Rodolfo Sánchez Taboada acudió a comer, un día de 1951, al entonces famoso restaurante Tampico Club, propiedad de José Inés Loredo, regenteado por César Balsa, donde se acuñó la celebérrima carne asada a la tampiqueña.
Pues, bien, allí recibió un telefonema donde se le indicaba que no se moviera de ese sitio porque se le surtiría la instrucción definitiva sobre la postulación presidencial. Sólo existían los teléfonos fijos y ello lo obligaba a la estacionalidad. Así pasaron muchas horas de toda la tarde y algunas de ya entrada la noche. El presidente de partido se levantaba a telefonear con impaciencia, pero regresaba con nula información y sin órdenes de acción.
Ya pasada la medianoche comentó con los suyos que empezaba a verse una mezcla de claridad y confusión porque, como relató Gregorio Ortega, les dijo que “ahora han metido en la lista hasta al viejito Ruiz Cortines”. Eso los confundía porque casi todos suponían que el elegido sería Fernando Casas Alemán, el sustituto del verdadero delfín de Miguel Alemán, quien era Gabriel Ramos Millán, perecido en un avionazo. En efecto, muchos creían en Casas Alemán. Muchos, menos Miguel Alemán. Muchos se colocaron al lado de Casas Alemán. Muchos se equivocaron.
Unos momentos más tarde le llamaron al restaurante. Sánchez Taboada regresó a la mesa y los apremió: “¡Muchachos, a trabajar. Es Ruiz Cortines!”.
Este relato nos indica que el presidente del partido era totalmente ajeno a las decisiones. Paso a relatar otro episodio similar.

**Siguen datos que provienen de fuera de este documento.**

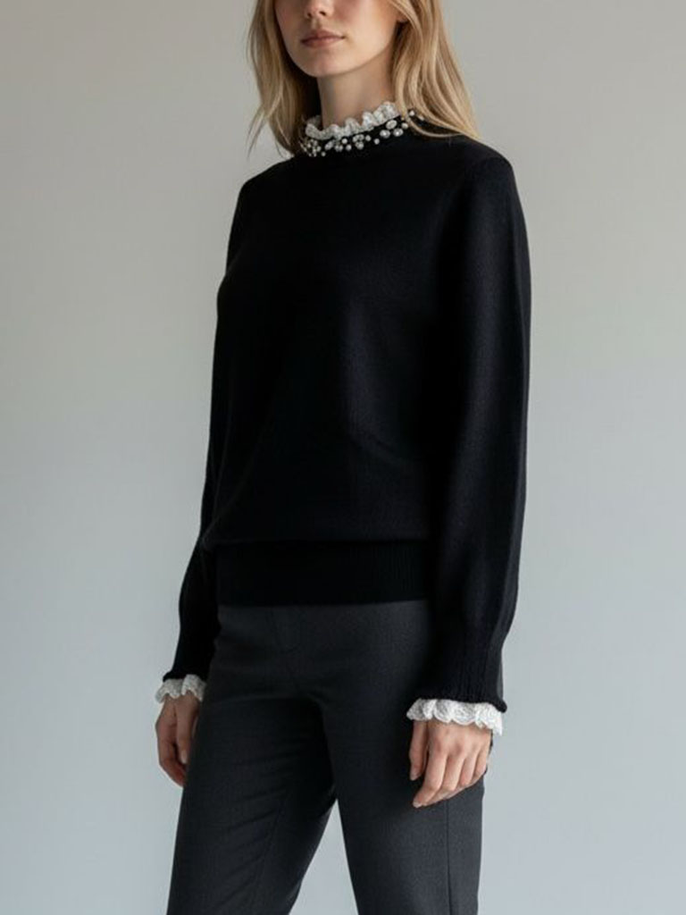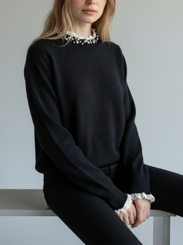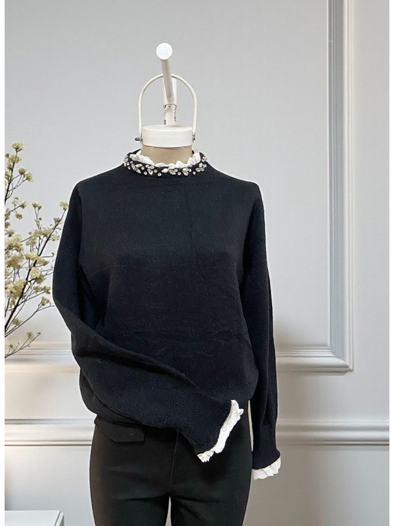 – Sweater con detalle de volados en el cuello con apliques de brillo

Jesús Reyes Heroles se encontraba en un cine presidiendo un evento masivo del PRI, sin enterarse que en ese preciso momento Fidel Velázquez y un fuerte contingente de la CTM estaban llegando al Palacio Nacional para destapar y apoyar la candidatura presidencial del secretario de Hacienda, José López Portillo.
Por último, Fernando Ortiz Arana fue llamado a Los Pinos mientras en la sede nacional del partido lo esperaba la cúpula priista. Allí, Carlos Salinas le entregó un sobre cerrado y le anunció que, en su interior, se encontraba una tarjeta con el nombre del elegido. Ortiz Arana, con buen tino, lo recibió y lo guardó en la bolsa interior de su saco. Salinas lo invitó a abrirlo, leer la tarjeta y darle su opinión. Fernando, con inteligencia, rehusó hacerlo. Le dijo que no tenía nada que opinar y que lo abriría cuando fuera el momento necesario. En efecto, no era nadie para cuestionar ni para festinar una decisión ajena y ya tomada.
* Abogado y político. Presidente de la Academia Nacional, A. C.